8.5 Cracking Keyword Substitution Cipher

Attacking a keyword substitution cipher is not always easy. Although we can benefit from frequency analysis, it may only be good enough to give us a few elements from the key, and a long and complicated key may well cause serious problems.

There is however another technique, which can also be used in solving other ciphers, that we can employ, and is known as Hill Climbing.

The idea is as follows: for each potential key we assign a score as to how suitable that key is to be the correct key (we can use any suitable technique we like, such as some other type of frequency analysis). If small changes in the key result in small changes in the score, then we can then think of the results as providing us with a graph with the higher values representing more likely keys. We then ‘guess’ an initial key and work out its score. We then change the key slightly and recalculate the score. If this new score is ‘worse’ than the original, then we continue to make small changes to the key until we either get a ‘better’ key or run out of possible changes to the key.

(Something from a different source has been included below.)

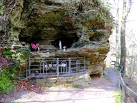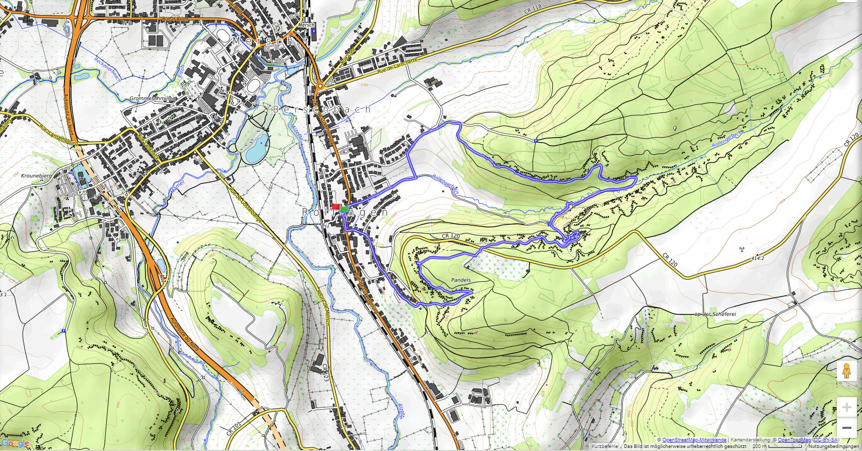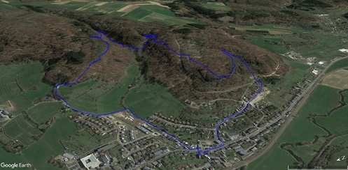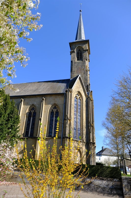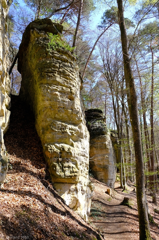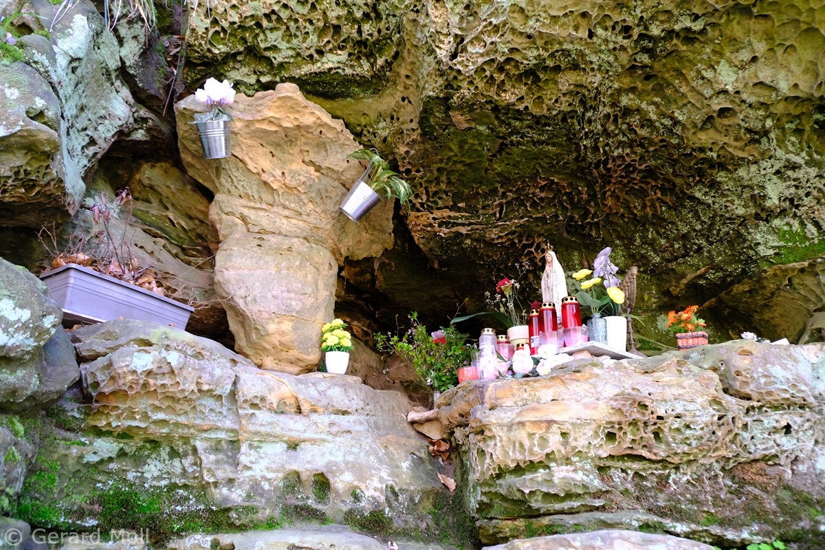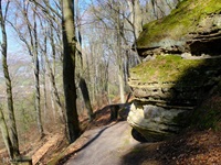 Die Tour ist deckungsgleich mit dem abgeschafften Autopédestre Rollingen. Von der Kirche folgen wir dem Lauf des Rollengerbaachs, dann geht es hinauf auf die Höhe und zu spektakulären Felsen. Nach einem Zwischenabstieg zu einem Weiher geht es hinauf zum "Bildchen" an der Muttergotteslay. Nach der Querung einer Strasse kommen wir zu einem schönen Aussichtspunkt, ehe der Weg hinunter nach Rollingen führt.

If we get a better key, then we adopt that one as our current best bet and start the process over again, otherwise we stop the algorithm and our present key is then our best bet.

Hopefully, this will enable us to find the local maximum of the graph of scores, and with some luck, this local maximum may provide us with the correct key.

In Appendix I we have set up a form to encrypt and decrypt keyword substitution ciphers and added a version of the hill-climbing algorithm for you to play with.In our algorithm we use frequency analysis based on the frequency of trigrams, groups of three consecutive letters, but analysis using quadgrams (groups of 4 letters) is usually preferred as being more accurate.